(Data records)
------
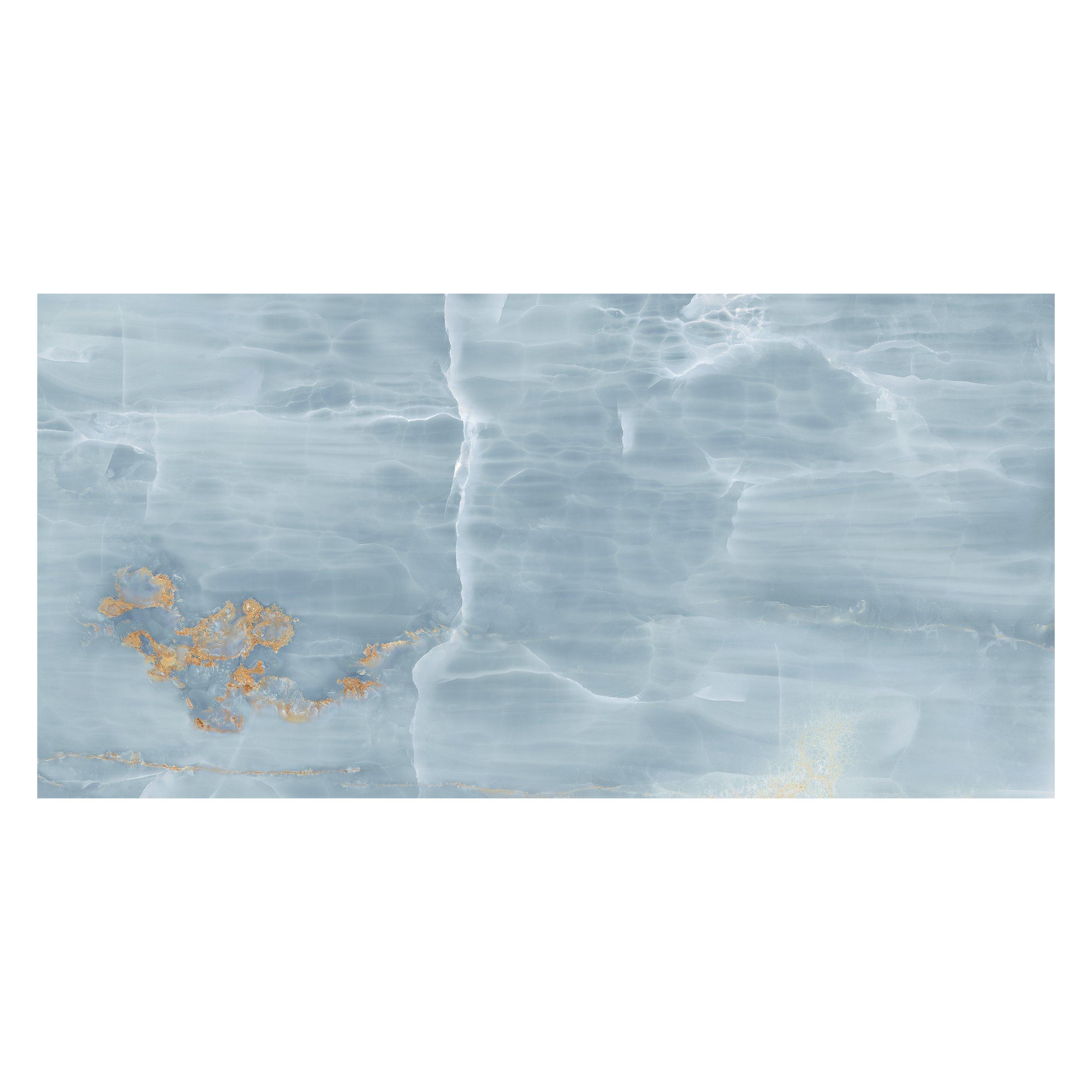 With a polished or high gloss finish, this blue Vita Bella Polished Porcelain Tile is 24 x 48.
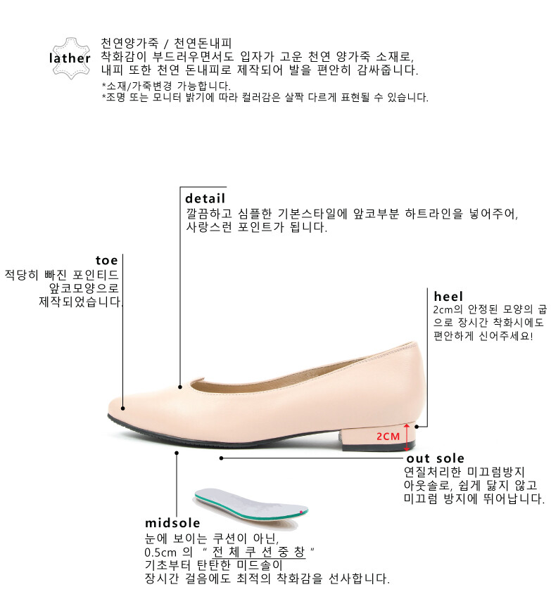 COMMENT 심플하면서도 사랑스러운 라인을 가진 플랫슈즈를 소개해드려요! 착화감이 부드러우면서도 입자가 고운 천연 양가죽 소재로 제작되었습니다. 내피는 부드러운 천연돈피로 발에 착 감겨 편안한 느낌을 줍니다.적당히 빠진 포인티드 앞코모양으로 제작되었습니다. 깔끔하고 심플한 기본스타일에 앞코부분 하트라인을 넣어주어, 사랑스런 포인트가 됩니다. 2cm의 안정된 모양의 굽으로 장시간 착화시에도 편안하게 신어주세요! 일반창을 연질처리한 아웃솔로, 쉽게 닳지 않고 미끄럼방지에 뛰어납니다.
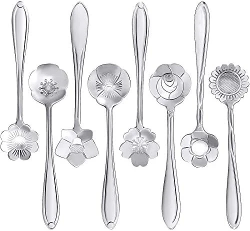 - What you receive: the package includes 16 pieces stainless steel spoons, 8 patterns, each pattern has 2 pieces, enough quantity for you to choose
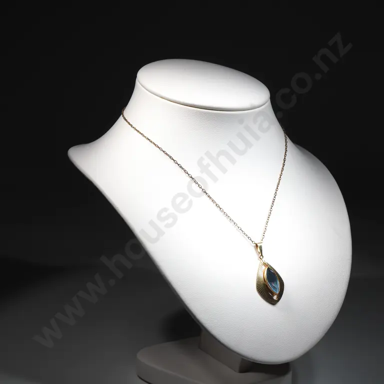 Blue Gem Gold Tone Style Pendant & Gold Tone Chain
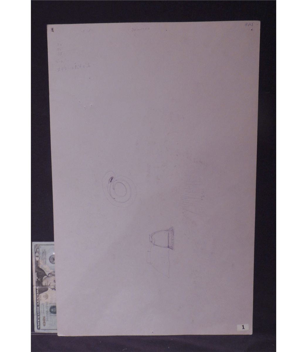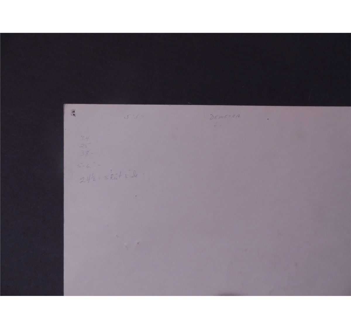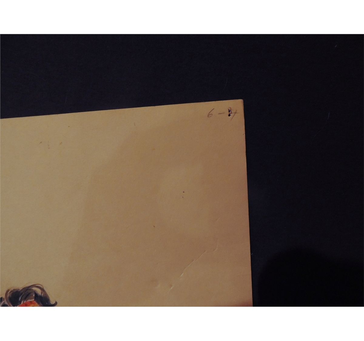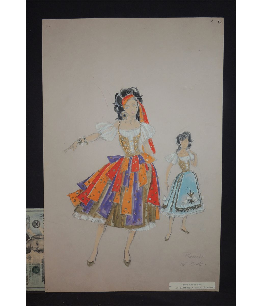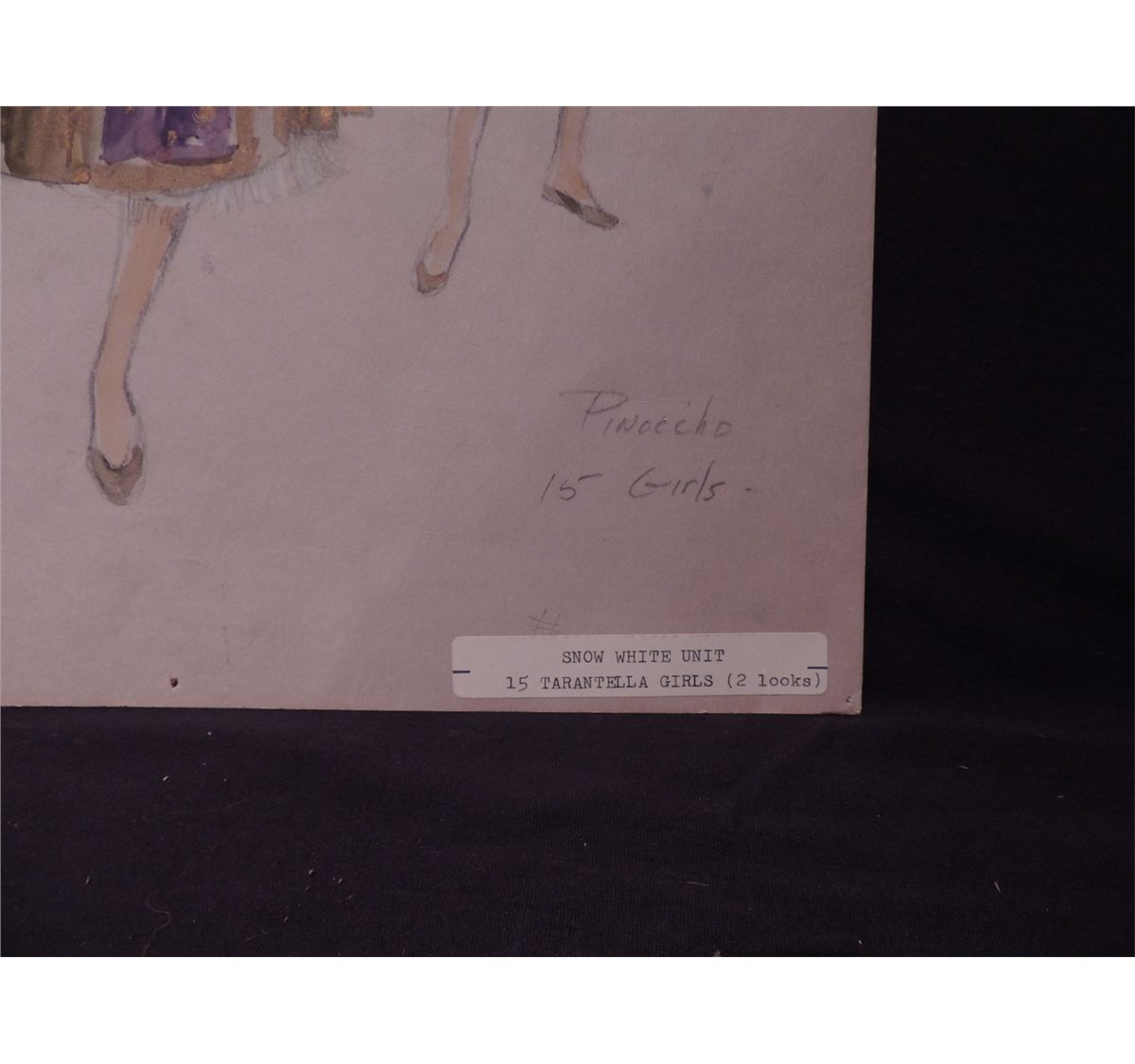 This one is of two different dresses for the Pinnochio and Snow White stage performance according to the pencil notes. Possibly one from each? It also has the #1 sticker which seems to go with at least 2 other artworks in this collection. This has the main artwork, but also a smaller scale full color secondary artwork of another design. On back there are several notes and sketches. This one piece has a lot to offer. There are pin holes at top.
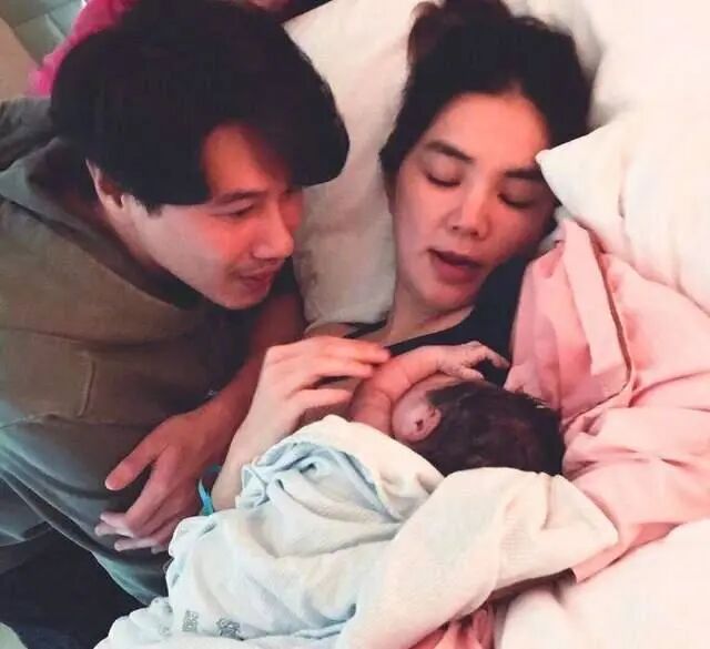 劲宝出生后,老公激动地亲吻她说:“谢谢”。Ella也泪崩:“我差点要放弃了”。夫妻俩一起为劲宝剪断了脐带。
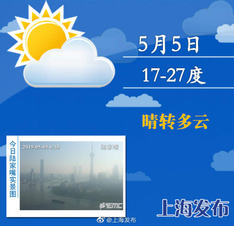 “小长假”结束,要收收心努力工作/学习了哦~今天上海晴转多云,最高温度27度,最低温度17度,整体来说天气还是不错哦~预计,下周气温起伏较大,呈抛物线状变化。周一直降7度,周二略作调整,周三再降4度,周四急速拉起上升7度!周二周三还将有雨水光顾。
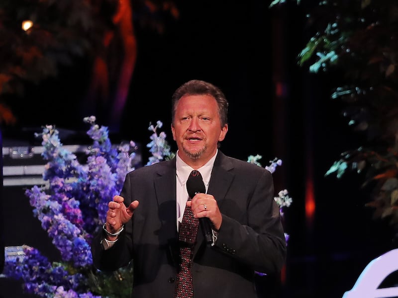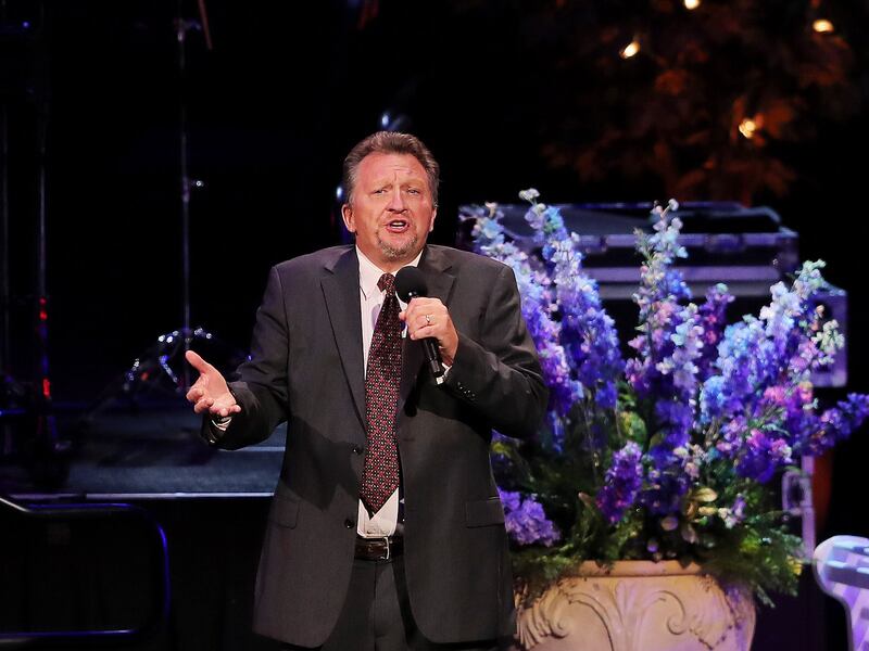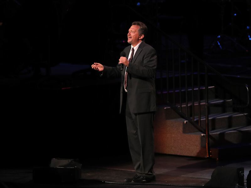 Narrator, Oscar "Andy" Hammerstein III, talks about the different musical selections as the Tabernacle Choir performs their annual Pioneer Concert at the Conference Center in Salt Lake City with guest performers Matthew Morrison, Laura Michelle Kelly and on Friday, July 20, 2018. Credit: Scott G Winterton, Deseret News, Deseret News
------
- [Task prompt] No pictures go in the copy. Set down all the data exactly.

- [Response to this exercise]
 With a polished or high gloss finish, this blue Vita Bella Polished Porcelain Tile is 24 x 48.
 COMMENT 심플하면서도 사랑스러운 라인을 가진 플랫슈즈를 소개해드려요! 착화감이 부드러우면서도 입자가 고운 천연 양가죽 소재로 제작되었습니다. 내피는 부드러운 천연돈피로 발에 착 감겨 편안한 느낌을 줍니다.적당히 빠진 포인티드 앞코모양으로 제작되었습니다. 깔끔하고 심플한 기본스타일에 앞코부분 하트라인을 넣어주어, 사랑스런 포인트가 됩니다. 2cm의 안정된 모양의 굽으로 장시간 착화시에도 편안하게 신어주세요! 일반창을 연질처리한 아웃솔로, 쉽게 닳지 않고 미끄럼방지에 뛰어납니다.
 - What you receive: the package includes 16 pieces stainless steel spoons, 8 patterns, each pattern has 2 pieces, enough quantity for you to choose
 Blue Gem Gold Tone Style Pendant & Gold Tone Chain
 This one is of two different dresses for the Pinnochio and Snow White stage performance according to the pencil notes. Possibly one from each? It also has the #1 sticker which seems to go with at least 2 other artworks in this collection. This has the main artwork, but also a smaller scale full color secondary artwork of another design. On back there are several notes and sketches. This one piece has a lot to offer. There are pin holes at top.
 劲宝出生后,老公激动地亲吻她说:“谢谢”。Ella也泪崩:“我差点要放弃了”。夫妻俩一起为劲宝剪断了脐带。
 “小长假”结束,要收收心努力工作/学习了哦~今天上海晴转多云,最高温度27度,最低温度17度,整体来说天气还是不错哦~预计,下周气温起伏较大,呈抛物线状变化。周一直降7度,周二略作调整,周三再降4度,周四急速拉起上升7度!周二周三还将有雨水光顾。
 Narrator, Oscar "Andy" Hammerstein III, talks about the different musical selections as the Tabernacle Choir performs their annual Pioneer Concert at the Conference Center in Salt Lake City with guest performers Matthew Morrison, Laura Michelle Kelly and on Friday, July 20, 2018. Credit: Scott G Winterton, Deseret News, Deseret News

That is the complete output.